» EXERCISE
Write out again the lines from the line with "Квокка или короткохвостый" up to and including the line with "Dieses kleine Detail", exactly as they stand below, and skip any picture.

» THE INPUT
____________________
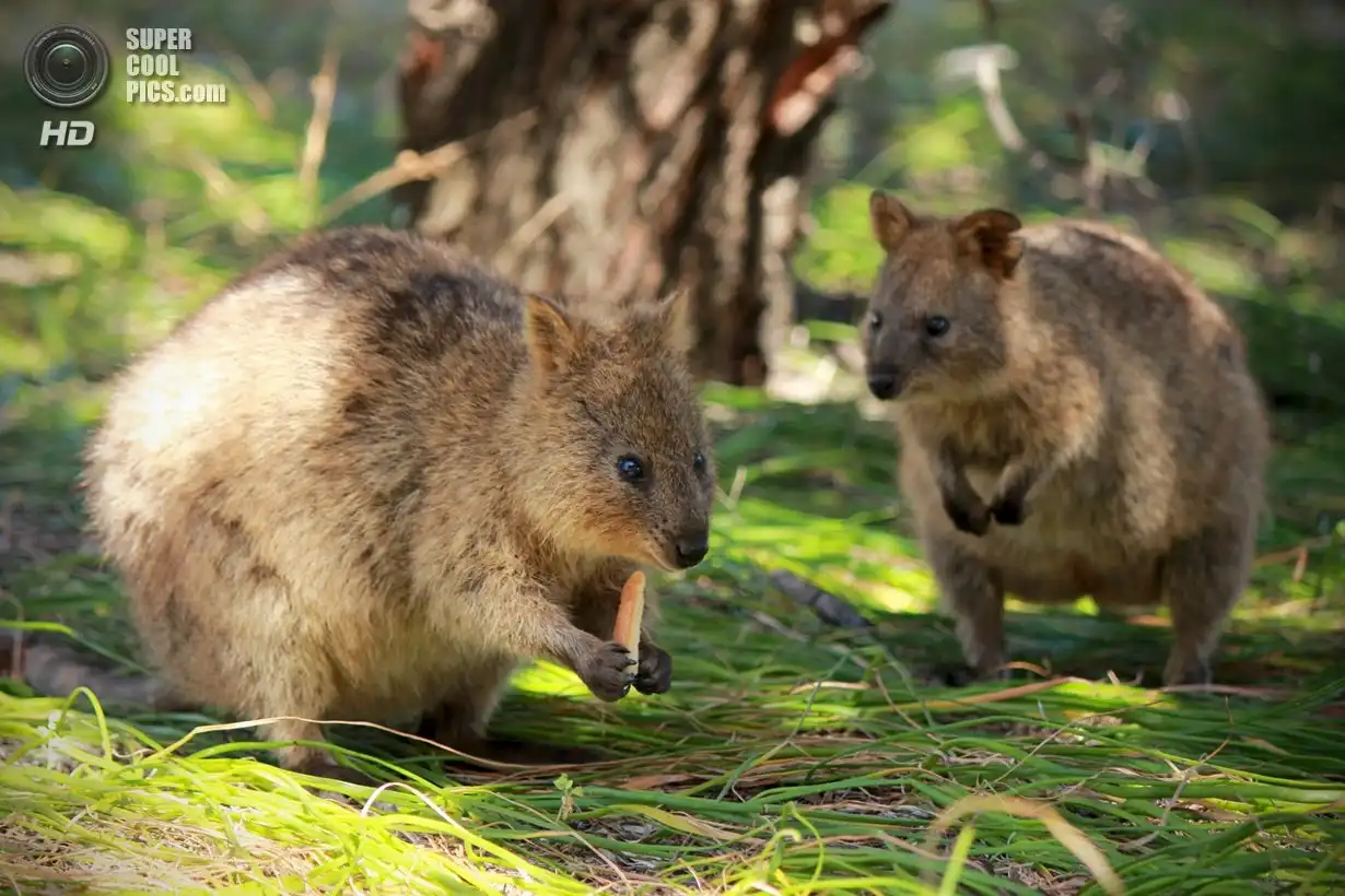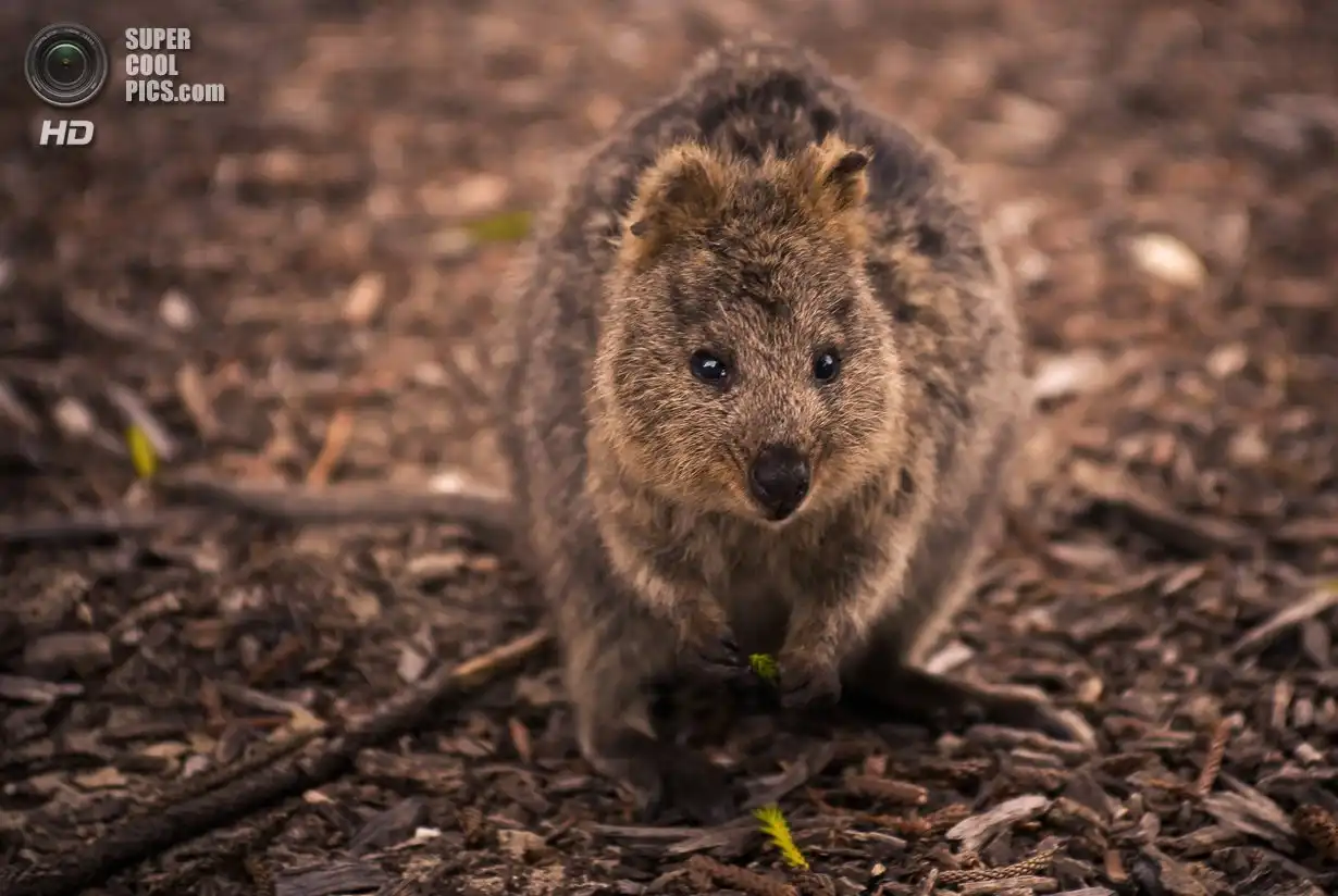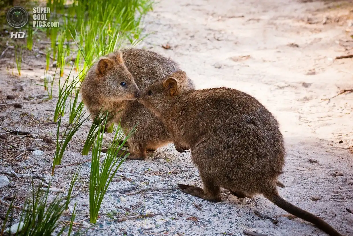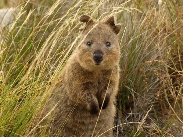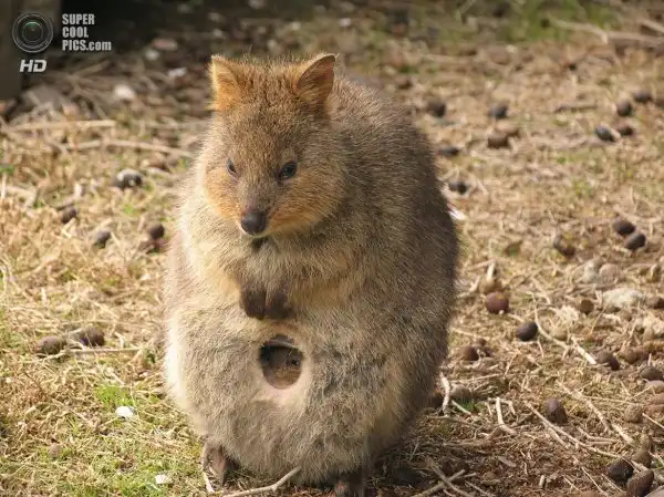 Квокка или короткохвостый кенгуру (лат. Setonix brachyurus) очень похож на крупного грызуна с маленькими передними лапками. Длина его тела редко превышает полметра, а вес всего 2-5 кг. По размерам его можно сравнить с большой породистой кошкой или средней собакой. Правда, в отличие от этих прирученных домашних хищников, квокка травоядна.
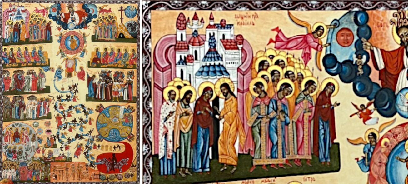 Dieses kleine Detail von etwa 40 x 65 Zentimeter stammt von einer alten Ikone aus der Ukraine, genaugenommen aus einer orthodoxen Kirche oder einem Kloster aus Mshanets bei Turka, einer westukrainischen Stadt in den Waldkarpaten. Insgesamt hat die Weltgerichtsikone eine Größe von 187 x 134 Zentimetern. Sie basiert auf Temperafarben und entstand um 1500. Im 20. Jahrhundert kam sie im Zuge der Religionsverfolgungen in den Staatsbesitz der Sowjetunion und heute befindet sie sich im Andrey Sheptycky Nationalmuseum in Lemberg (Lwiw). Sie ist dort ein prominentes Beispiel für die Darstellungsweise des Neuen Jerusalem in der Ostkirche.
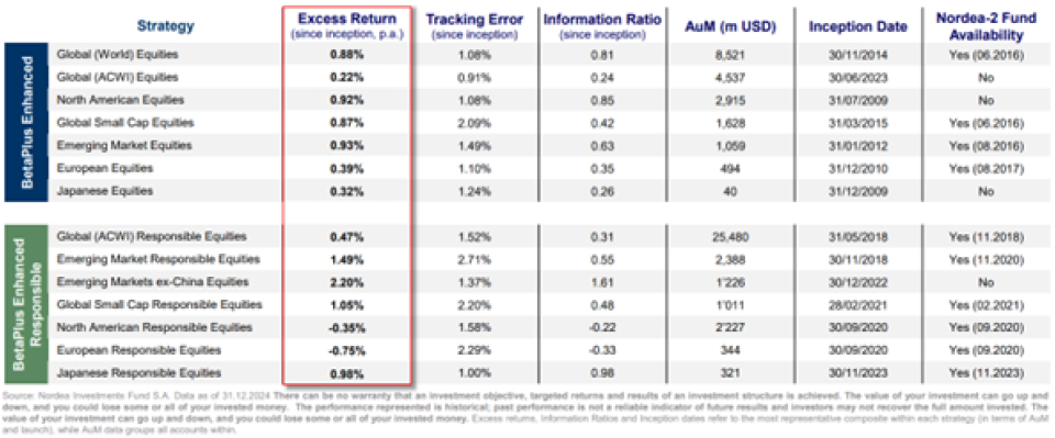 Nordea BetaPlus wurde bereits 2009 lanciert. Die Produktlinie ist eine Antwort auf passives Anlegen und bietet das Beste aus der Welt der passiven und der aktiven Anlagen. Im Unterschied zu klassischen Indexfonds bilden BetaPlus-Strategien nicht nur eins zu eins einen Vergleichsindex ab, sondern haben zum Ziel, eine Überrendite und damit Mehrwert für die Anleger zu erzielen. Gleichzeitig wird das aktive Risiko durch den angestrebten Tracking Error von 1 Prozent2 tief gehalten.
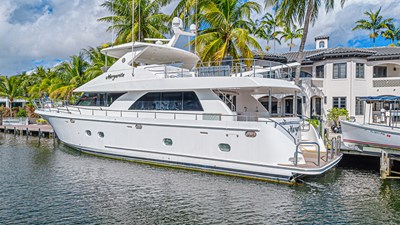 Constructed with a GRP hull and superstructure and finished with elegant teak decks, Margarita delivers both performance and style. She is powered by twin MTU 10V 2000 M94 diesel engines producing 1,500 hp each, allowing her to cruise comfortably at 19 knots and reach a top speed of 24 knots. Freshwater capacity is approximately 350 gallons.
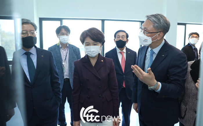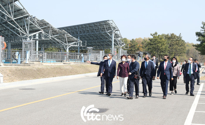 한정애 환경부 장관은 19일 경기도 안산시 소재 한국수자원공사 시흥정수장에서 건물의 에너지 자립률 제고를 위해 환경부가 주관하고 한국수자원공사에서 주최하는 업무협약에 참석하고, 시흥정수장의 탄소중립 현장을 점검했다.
____________________
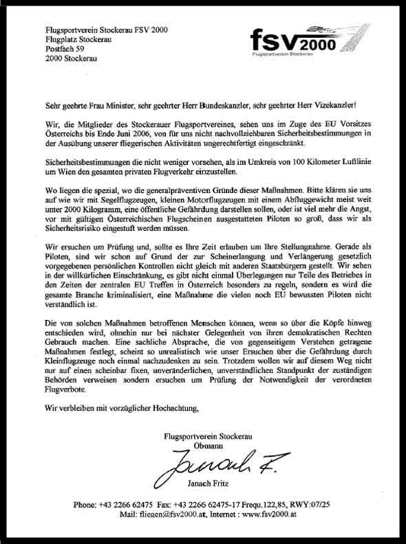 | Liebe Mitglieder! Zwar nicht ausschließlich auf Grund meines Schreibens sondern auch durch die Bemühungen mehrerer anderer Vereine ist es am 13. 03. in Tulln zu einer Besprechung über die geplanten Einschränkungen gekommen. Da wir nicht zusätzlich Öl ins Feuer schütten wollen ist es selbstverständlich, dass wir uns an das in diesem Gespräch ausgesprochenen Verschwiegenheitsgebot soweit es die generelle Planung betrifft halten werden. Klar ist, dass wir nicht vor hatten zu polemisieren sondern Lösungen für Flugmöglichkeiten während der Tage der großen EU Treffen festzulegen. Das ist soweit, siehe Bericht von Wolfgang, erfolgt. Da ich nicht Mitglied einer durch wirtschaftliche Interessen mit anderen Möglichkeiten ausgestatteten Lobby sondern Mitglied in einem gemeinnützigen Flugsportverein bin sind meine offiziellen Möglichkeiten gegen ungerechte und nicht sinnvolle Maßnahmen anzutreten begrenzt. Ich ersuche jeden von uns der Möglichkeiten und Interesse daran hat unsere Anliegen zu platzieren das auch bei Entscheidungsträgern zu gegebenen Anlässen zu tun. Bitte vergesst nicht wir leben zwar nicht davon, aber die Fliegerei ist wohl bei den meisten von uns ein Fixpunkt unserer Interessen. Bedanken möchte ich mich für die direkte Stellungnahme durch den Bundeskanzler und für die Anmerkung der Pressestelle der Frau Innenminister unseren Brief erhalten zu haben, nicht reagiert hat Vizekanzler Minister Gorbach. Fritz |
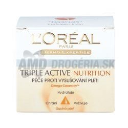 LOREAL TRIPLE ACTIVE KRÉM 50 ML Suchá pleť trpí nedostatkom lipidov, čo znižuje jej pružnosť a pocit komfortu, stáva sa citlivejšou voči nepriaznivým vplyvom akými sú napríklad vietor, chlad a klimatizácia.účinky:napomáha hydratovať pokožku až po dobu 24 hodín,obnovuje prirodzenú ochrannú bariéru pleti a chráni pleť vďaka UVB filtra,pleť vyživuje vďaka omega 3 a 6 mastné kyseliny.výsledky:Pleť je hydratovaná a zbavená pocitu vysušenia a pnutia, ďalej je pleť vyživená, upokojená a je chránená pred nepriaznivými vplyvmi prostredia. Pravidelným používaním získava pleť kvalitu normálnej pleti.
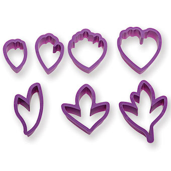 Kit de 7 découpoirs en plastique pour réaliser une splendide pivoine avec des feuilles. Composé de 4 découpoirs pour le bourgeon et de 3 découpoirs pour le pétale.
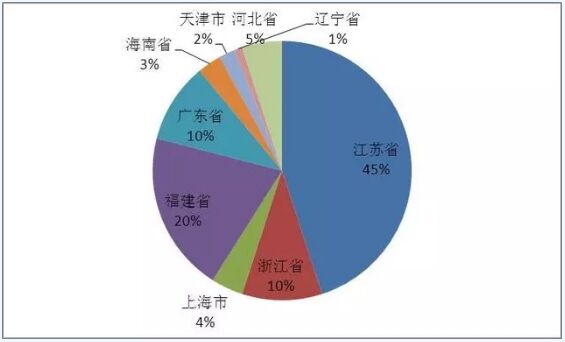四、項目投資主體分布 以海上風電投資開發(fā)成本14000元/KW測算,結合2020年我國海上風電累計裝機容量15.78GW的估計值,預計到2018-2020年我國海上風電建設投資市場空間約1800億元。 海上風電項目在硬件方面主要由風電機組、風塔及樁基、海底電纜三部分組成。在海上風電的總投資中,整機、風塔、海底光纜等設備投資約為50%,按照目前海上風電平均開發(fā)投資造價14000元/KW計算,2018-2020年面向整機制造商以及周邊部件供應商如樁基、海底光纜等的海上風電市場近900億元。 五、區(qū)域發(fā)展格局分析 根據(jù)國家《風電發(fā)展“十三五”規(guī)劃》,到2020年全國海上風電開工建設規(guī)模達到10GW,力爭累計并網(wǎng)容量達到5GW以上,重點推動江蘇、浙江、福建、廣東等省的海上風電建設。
____________________
» RESULT OF THIS EXERCISE
 Квокка или короткохвостый кенгуру (лат. Setonix brachyurus) очень похож на крупного грызуна с маленькими передними лапками. Длина его тела редко превышает полметра, а вес всего 2-5 кг. По размерам его можно сравнить с большой породистой кошкой или средней собакой. Правда, в отличие от этих прирученных домашних хищников, квокка травоядна.
 Dieses kleine Detail von etwa 40 x 65 Zentimeter stammt von einer alten Ikone aus der Ukraine, genaugenommen aus einer orthodoxen Kirche oder einem Kloster aus Mshanets bei Turka, einer westukrainischen Stadt in den Waldkarpaten. Insgesamt hat die Weltgerichtsikone eine Größe von 187 x 134 Zentimetern. Sie basiert auf Temperafarben und entstand um 1500. Im 20. Jahrhundert kam sie im Zuge der Religionsverfolgungen in den Staatsbesitz der Sowjetunion und heute befindet sie sich im Andrey Sheptycky Nationalmuseum in Lemberg (Lwiw). Sie ist dort ein prominentes Beispiel für die Darstellungsweise des Neuen Jerusalem in der Ostkirche.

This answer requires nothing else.